ARIMA's fundamental limitation in financial markets is the Efficient Market Hypothesis (weak form): if price changes followed a predictable ARIMA structure, arbitrageurs would trade away the pattern. Empirically, financial return series often cannot be distinguished from ARIMA(0,0,0) — a white noise process — at conventional significance levels, meaning ARIMA adds little to a naive random walk forecast. Where ARIMA has genuine value is in: (1) volatility forecasting — the squared residuals of an ARIMA model often have significant ARCH effects, leading naturally to GARCH models for variance forecasting; (2) high-frequency data where microstructure effects (bid-ask bounce, inventory effects) create genuine short-horizon predictability; and (3) as a component in ensemble forecast combinations. Forecast combination (averaging multiple model forecasts) consistently outperforms individual models in time series forecasting literature (Timmermann 2006). Combining ARIMA, exponential smoothing, and a simple mean provides a more robust forecast than any single model. In Gilito's engine, ARIMA forecasts are combined with GARCH volatility estimates and regression-based trend signals to form composite price forecasts.
Formula
ARIMA(p,d,q): ΔᵈXₜ = c + Σᵢφᵢ·Δᵈ Xₜ₋ᵢ + εₜ + Σⱼθⱼ·εₜ₋ⱼ where φ are AR coefficients, θ are MA coefficients, ε is white noise
- 1.Test for stationarity (ADF test); difference the series d times until stationary.
- 2.Plot ACF and PACF of the stationary series to identify candidate p and q values.
- 3.Fit ARIMA(p, d, q) via maximum likelihood; compare models using AIC/BIC.
- 4.Validate residuals: check for remaining autocorrelation (Ljung-Box test) and normality.

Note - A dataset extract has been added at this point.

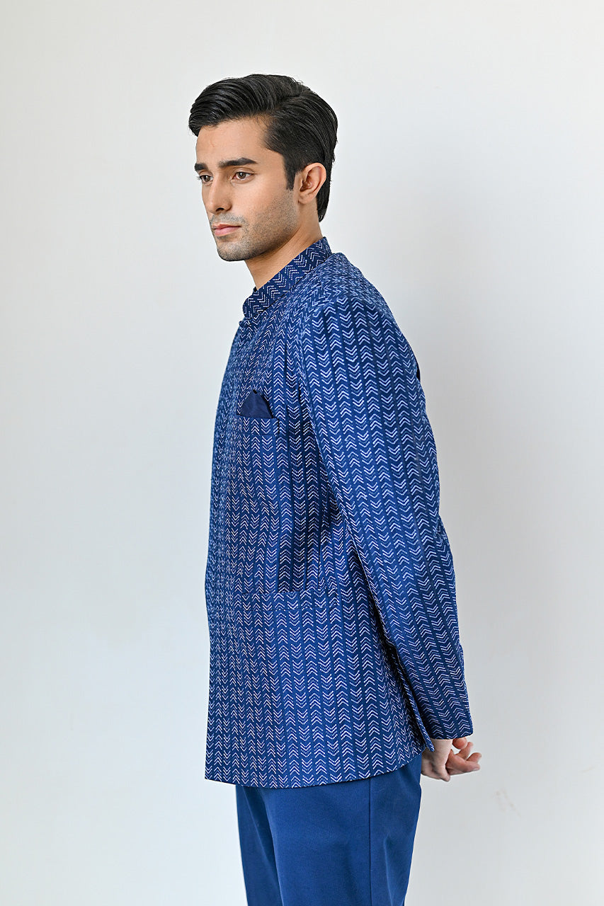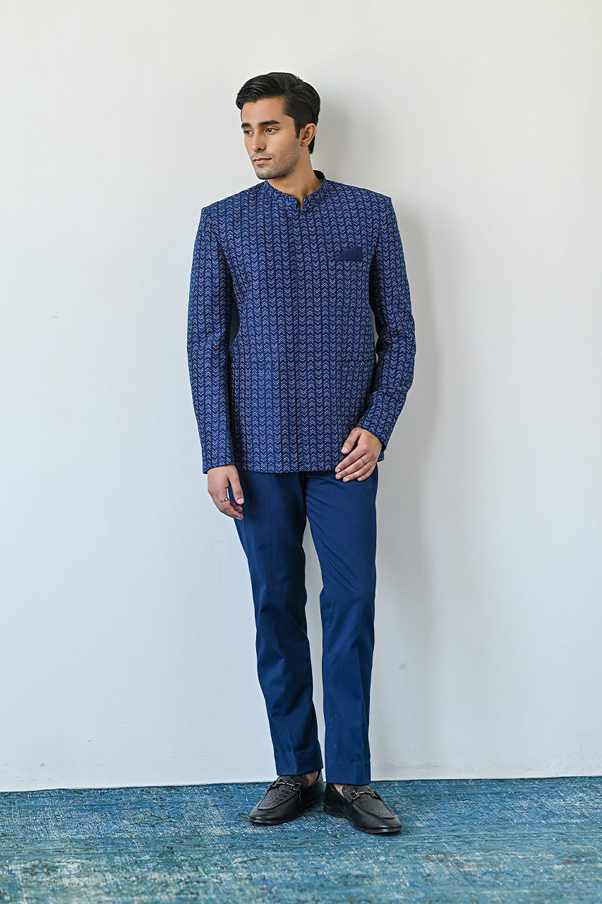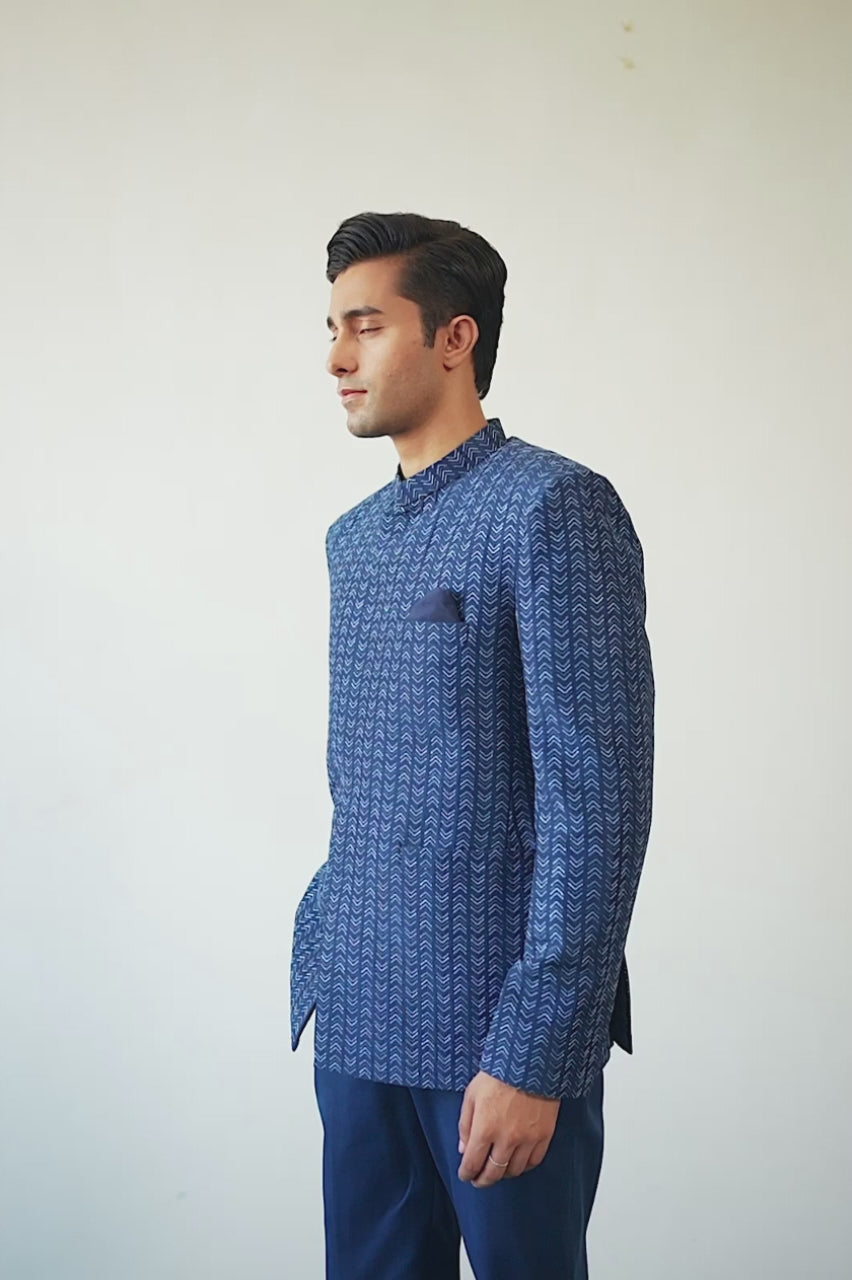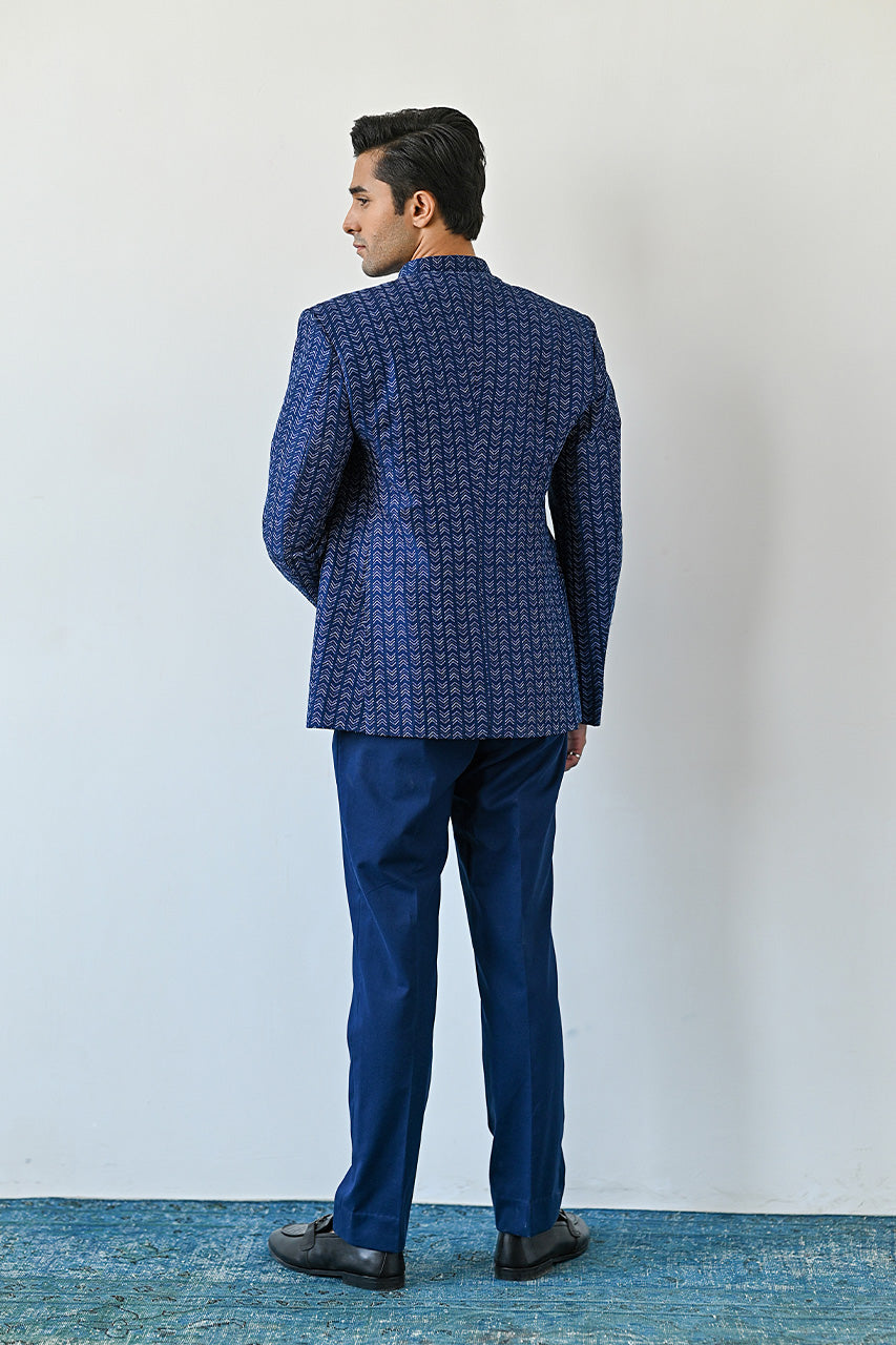 A contemporary take on a classic prince coat, Zayd is a striking cobalt hued pure rawsilk button down prince coat, embroidered with geometric patterns. Lined with the finest medium silk featuring our signature print. The solid coloured pocket square adds a subtle elegance along with matching trousers crafted from the finest wool.Â

- 5.Generate h-step-ahead forecasts with confidence intervals from the fitted model.
Parameters
| Parameter | Default | Range | Description |
|---|---|---|---|
| AR Order (p) | 1 | 0–5 | Number of autoregressive lag terms. |
| Differencing (d) | 1 | 0–2 | Number of times the series is differenced for stationarity. |
| MA Order (q) | 1 | 0–5 | Number of moving average error terms. |
Trading signals
bullish: ARIMA forecast significantly positive (above confidence threshold)
Model predicts above-average return — consider long entry with probability weighting.
bearish: ARIMA forecast significantly negative
Model predicts below-average return — consider short entry or exit.
neutral: ARIMA forecast within noise confidence interval
Model prediction not statistically significant — no trade signal.
Limitations
- •Financial returns are close to a random walk — ARIMA rarely beats a naive no-change forecast significantly.
- •Linear model — cannot capture non-linear patterns or regime changes.
- •Requires stationarity assumption; parameters must be re-estimated as market dynamics change.
- •Point forecasts are often misleading — always use confidence intervals; forecast intervals for financial series are very wide.
Gilito fits rolling ARIMA models (with automatic order selection via AIC) to each asset on weekly retraining cycles, using ARIMA forecasts as one component in its ensemble forecasting system. ARIMA residual diagnostics also feed into its GARCH volatility model — the two are always estimated as a system in ARMA-GARCH form.